Seperti yang kita ketahui, bahwa tanggung jawab yaitu
melaksanakan tugas dengan sungguh-sungguh dari orang lain atau
diri sendiri hingga selesai atau sanggup menanggung resiko dari
apa yang telah diperbuat atau dikerjakan. Apabila seseorang tidak
mau bertanggung jawab berarti orang itu tidak bersungguh -
sungguh dalam melaksanakan tugasnya . Oleh karna itu setiap
orang harus bertanggung jawab terhadap apa yang diniatkan
dikatakan dan dilakukan . Agar menjadi pribadi yang lebih baik
lagi
2. Penanya : Nurlaela Ali
Menjawab : Nur indah wartabone
jelaskan bagaimana cara mengamalkan nilai-nilai anti korupsi
kepada para mahasiswa dengan upaya untuk mengembangkan
sikap menolak secara tegas terhadap setiap bentuk korupsi?
Jawab
Keterlibatan mahasiswa dalam upaya pemberantasan korupsi tentu
tidak pada upaya penindakan yang merupakankewenangan institusi
penegak hukum. Peran aktif mahasiswa diharapkan lebih
difokuskan pada upaya pencegahan korupsi dengan ikut
membangun budaya anti korupsi di masyarakat. Mahasiswa
diharapkan dapat berperan sebagai agen perubahan dan motor
penggerak gerakan anti korupsi di masyarakat. Untuk dapat
berperan aktif mahasiswa perlu dibekali dengan pengetahuan yang
cukup tentang seluk beluk korupsi dan pemberantasannya. Upaya
pembekalan mahasiswa dapat ditempuh dengan berbagai cara
antara lain : kegiatan sosialisasi, kampanye, seminar atau
perkuliahan. Pendidikan anti korupsi bagi mahasiswa bertujuan
untuk memberikan pengetahuan yang cukup tentang seluk beluk
korupsi dan pemberantasannya serta menanamkan nilai-nilai anti
korupsi.

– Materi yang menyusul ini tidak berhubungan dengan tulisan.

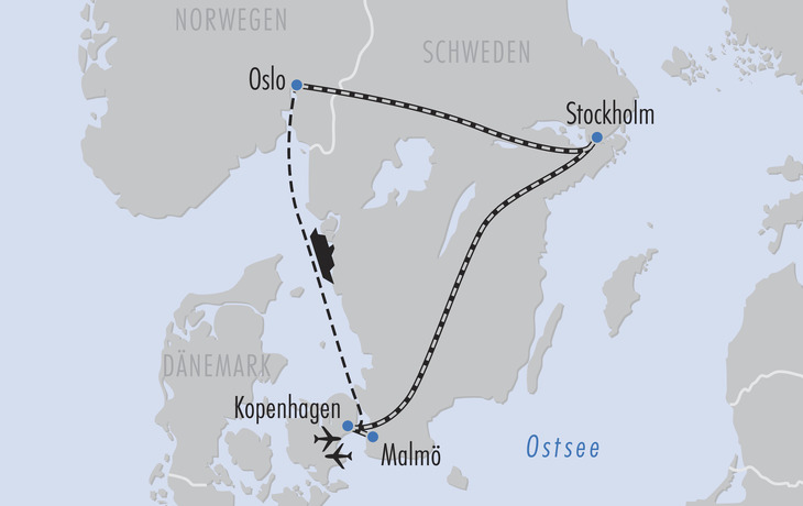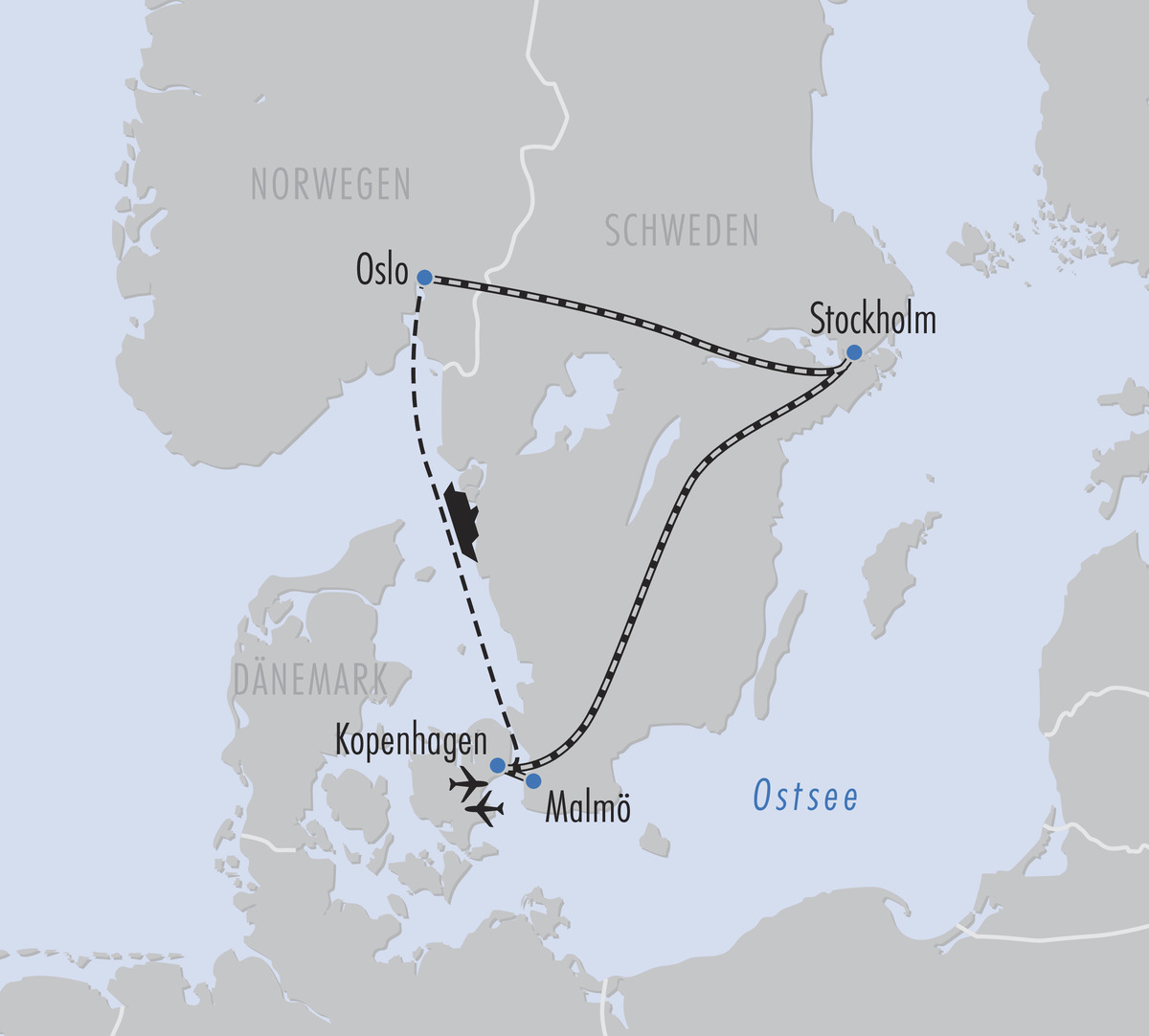 Entdecken Sie die kulturelle Vielfalt und das nordische Flair der vier einzigartigen Städte! Kopenhagen, Malmö, Stockholm und Oslo erwarten Sie mit ihrer ganz eigenen Mischung aus Tradition, Moderne und nordischem Charme. Bequem und klimafreundlich reisen Sie mit dem Zug durch Skandinavien und genießen zum Abschluss eine entspannte Minikreuzfahrt auf der Ostsee. Diese Reise bietet nicht nur spannende Stadterlebnisse, sondern führt Sie auf beeindruckende Bahnstrecken durch die wunderschöne Natur Skandinaviens!

Tujuan jangka panjangnya adalah menumbuhkan budaya
anti korupsi di kalangan mahasiswa dan mendorong mahasiswa
untuk dapat berperan serta aktif dalam upaya pemberantasan
korupsi di Indonesia.
3. Penanya : Niluh Sulistiani
Menjawab : Mutiansi Harun
Bagaimana cara menumbuhkan sifat disiflin pada masyarakat per
individu?
Jawab
Cara menumbuhkan sifat disiplin pada masyarakat perindividu
yaitu :
1. Kita harus menyampaikan kepada mereka bahwa mereka harus
bisa mengalahkan diri mereka sendiri.
2. Mereka harus makukan kegiatan selingan sesekali di luar
rutinitas mereka.
3. Lalu mereka harus tetap fokuskan pikiran mereka pada tujuan
akhir yang ingin di capai.
Nahh setelah itu kita harus mengajarkan mereka tentang
bagaimana cara meningkatkan kedisiplinan diri mereka sendiri,
yaitu bisa dilakukan dengan cara :
1. Tetap fokus pada tujuan semula
2. Menjadi lebih produktif, efektif dan efisien sekaligus.
3. Menjaga performa.kinerja pada level tertinggi
4. Membangun mindset/pola pikir yang sehat dan kuat.
5. Berfikir lebih banyak hal yang bisa dicapai dalam hidup ini.